Last time, You said:
"Even deprenyl in itself has shown in autopsy studies to not only increase dopamine levels by 40-70% in Parkinson patients but increase PEA levels 1300-3500%! You see, PEA is the preferred substrate for MAO-B, the MAO that deprenyl inhibits. PEA has an extremely rapid turnover due to its rapid and continuous breakdown by MAO-B. Thus deprenyl's catecholamine activity enhancer has a dual mode of action. At MAO-B inhibiting doses, deprenyl has a huge catecholamine enhancing effects due to the major increases in PEA levels. Many authors have pointed out the probable dopamine neuron activity enhancing effect of PEA in Parkinson patients taking deprenyl. Knoll's discovery of PEA's catecholamine activity enhancer effect now explains this PEA dopamine-enhancing effect."And the report said...:
"Autopsy studies have shown that while deprenyl increases dopamine levels in Parkinson patient brains by only 40-70%, deprenyl increases PEA levels 1300 - 3500%! (14,22) PEA is the preferred substrate for MAO-B, the MAO that deprenyl inhibits. Paterson and colleagues have shown that PEA has an extremely rapid turnover due to its rapid and continuous breakdown by MAO-B. (21) Thus deprenyl's catecholamine activity enhancer activity has a dual mode of action. At low, non-MAO-B inhibiting doses, deprenyl has a direct catecholamine activity enhancer activity.At higher, MAO-B inhibiting doses, deprenyl creates an additional catecholamine activity enhancer effect, due to the huge increases in brain PEA levels that deprenyl causes, PEA also being a catecholamine activity enhancer substance. Many authors have pointed out the probable dopamine neuron activity enhancing effect of PEA in Parkinson patients taking deprenyl. (14, 15, 22)

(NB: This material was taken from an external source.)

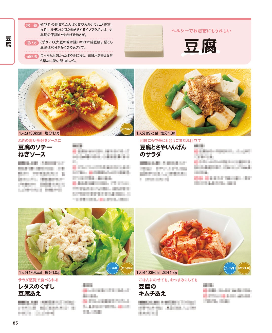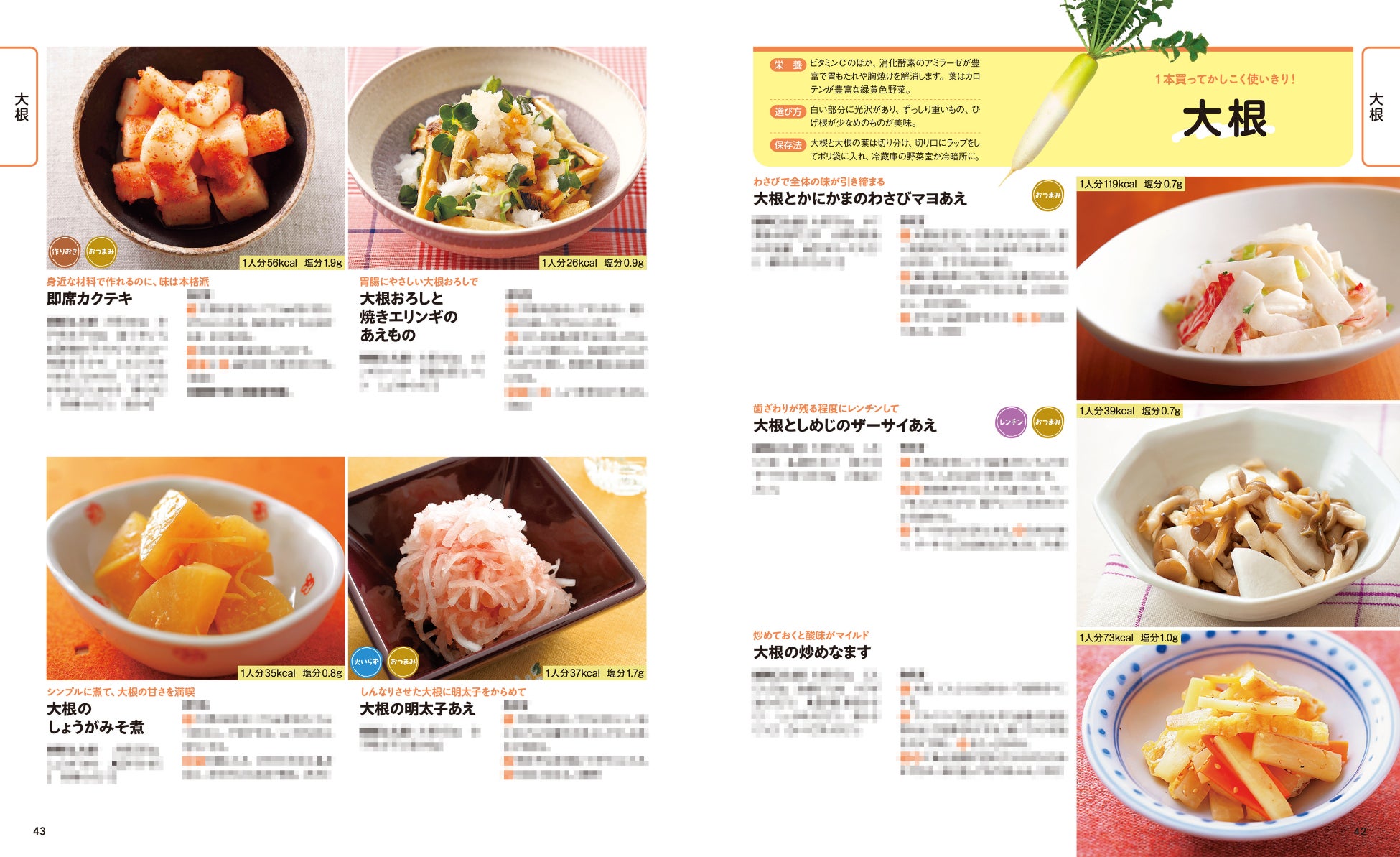 また、全レシピに1人分のカロリー・塩分量を表示しているので、健康のためカロリーが気になる方や、塩分量を気にしている方にも安心です。また、それぞれの項目には、栄養の話、選び方、保存法も表記しています。

Knoll’s discovery of PEA’s catecholamine activity enhancer effect now explains this PEA dopamine-enhancing effect."
Amazingly, a lot of these "papers" look the same to me."NOTHING I said was pasted from ANYWHERE but my paper. The studies and facts are probably quite similar to what is from biopsychiatry.com. Don't accuse me of anything."
Oh really? See I take offence to that. You made it sound like you had done tons of information on deprenyl, but really most of your paper was about your troubles and other copied postings from other acticles. In actuallity, youve never tried deprenyl. People like me who have, know that its VERY mild in comparison to other anti-depressants. Now in some cases that may be a good thing, but it is not a miracle drug by any means.
Also that website you got most of that information from actually SELLS deprenyl overseas, theyll say whatever they can to convince you to buy it. Anyways just think about what I said, Im not accusing you I hope you understand that we all know quite a bit about anti depressants too, and it seems rather foolish to expect us to believe you when you dont believe us.